● **What is needed**: Go through the entries below and print, exactly, the lines starting at the one with "Материал – сталь." and ending at the one with "525街舞协会沈佳韵等同学带来精彩舞蹈展现出的青春活力瞬间带动了全场。", keeping both ends and no others.
----- Data records
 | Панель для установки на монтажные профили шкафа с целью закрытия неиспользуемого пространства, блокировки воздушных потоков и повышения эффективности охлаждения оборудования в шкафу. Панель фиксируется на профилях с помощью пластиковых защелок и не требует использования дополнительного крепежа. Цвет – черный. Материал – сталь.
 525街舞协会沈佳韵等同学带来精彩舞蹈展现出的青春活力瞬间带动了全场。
----------
----- Data records
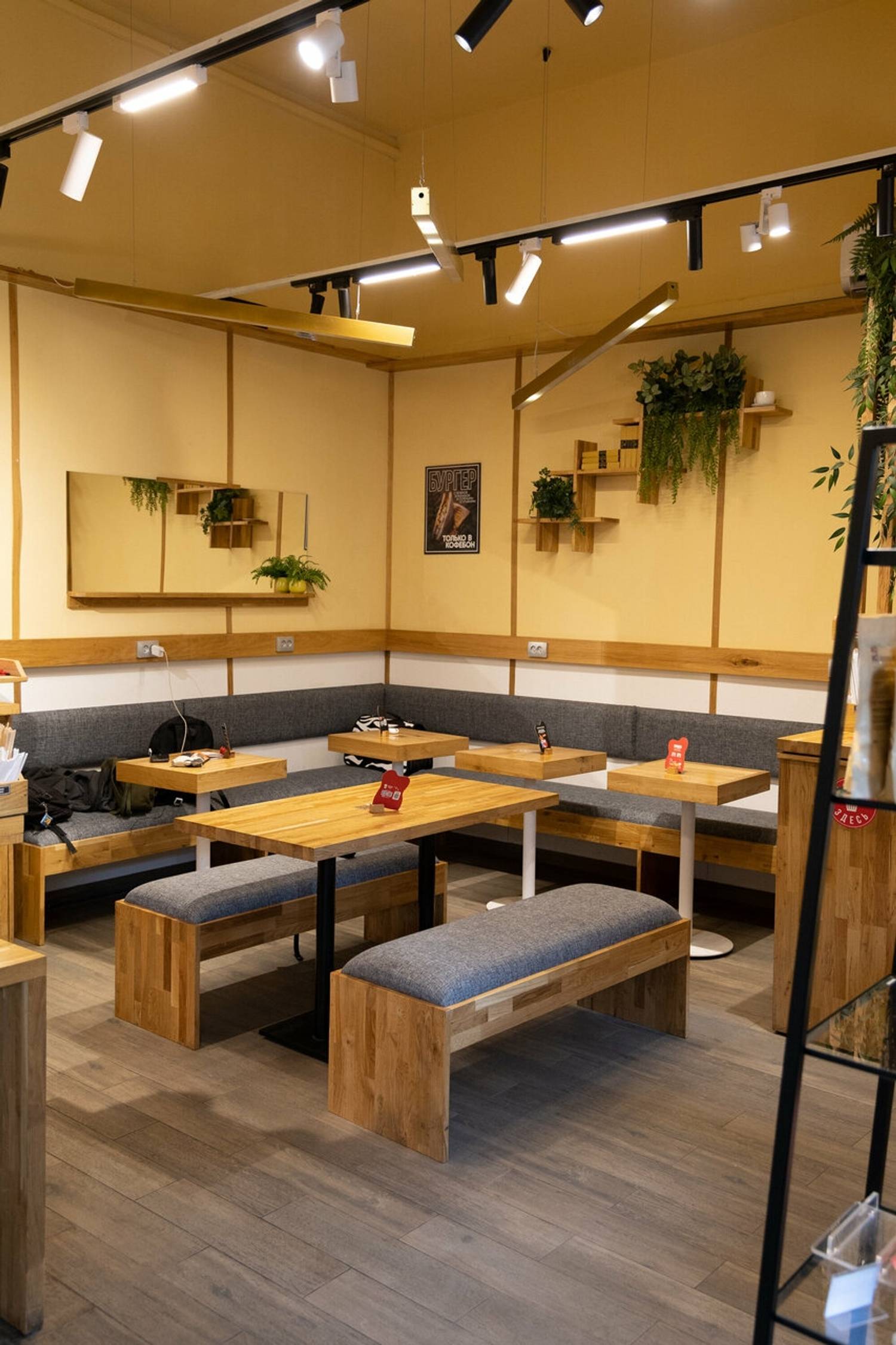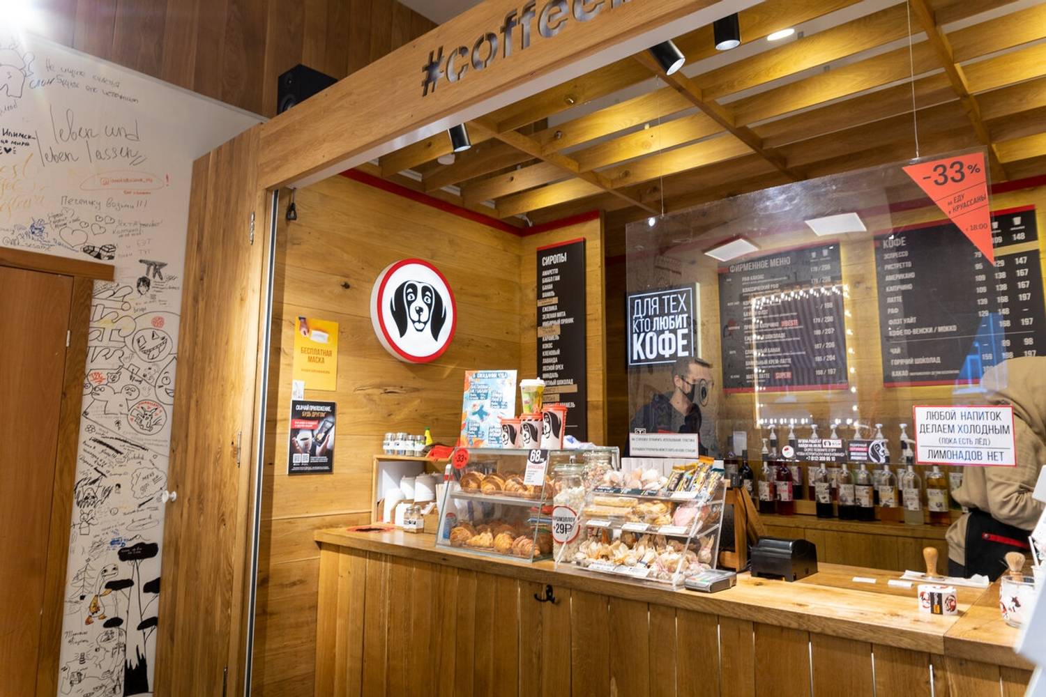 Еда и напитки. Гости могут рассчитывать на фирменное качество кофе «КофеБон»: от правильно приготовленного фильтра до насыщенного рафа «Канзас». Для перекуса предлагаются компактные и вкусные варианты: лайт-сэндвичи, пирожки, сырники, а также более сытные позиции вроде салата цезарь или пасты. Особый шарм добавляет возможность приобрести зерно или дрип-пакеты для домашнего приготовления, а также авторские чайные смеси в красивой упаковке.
----------
● **Expected answer**:
 | Панель для установки на монтажные профили шкафа с целью закрытия неиспользуемого пространства, блокировки воздушных потоков и повышения эффективности охлаждения оборудования в шкафу. Панель фиксируется на профилях с помощью пластиковых защелок и не требует использования дополнительного крепежа. Цвет – черный. Материал – сталь.
 525街舞协会沈佳韵等同学带来精彩舞蹈展现出的青春活力瞬间带动了全场。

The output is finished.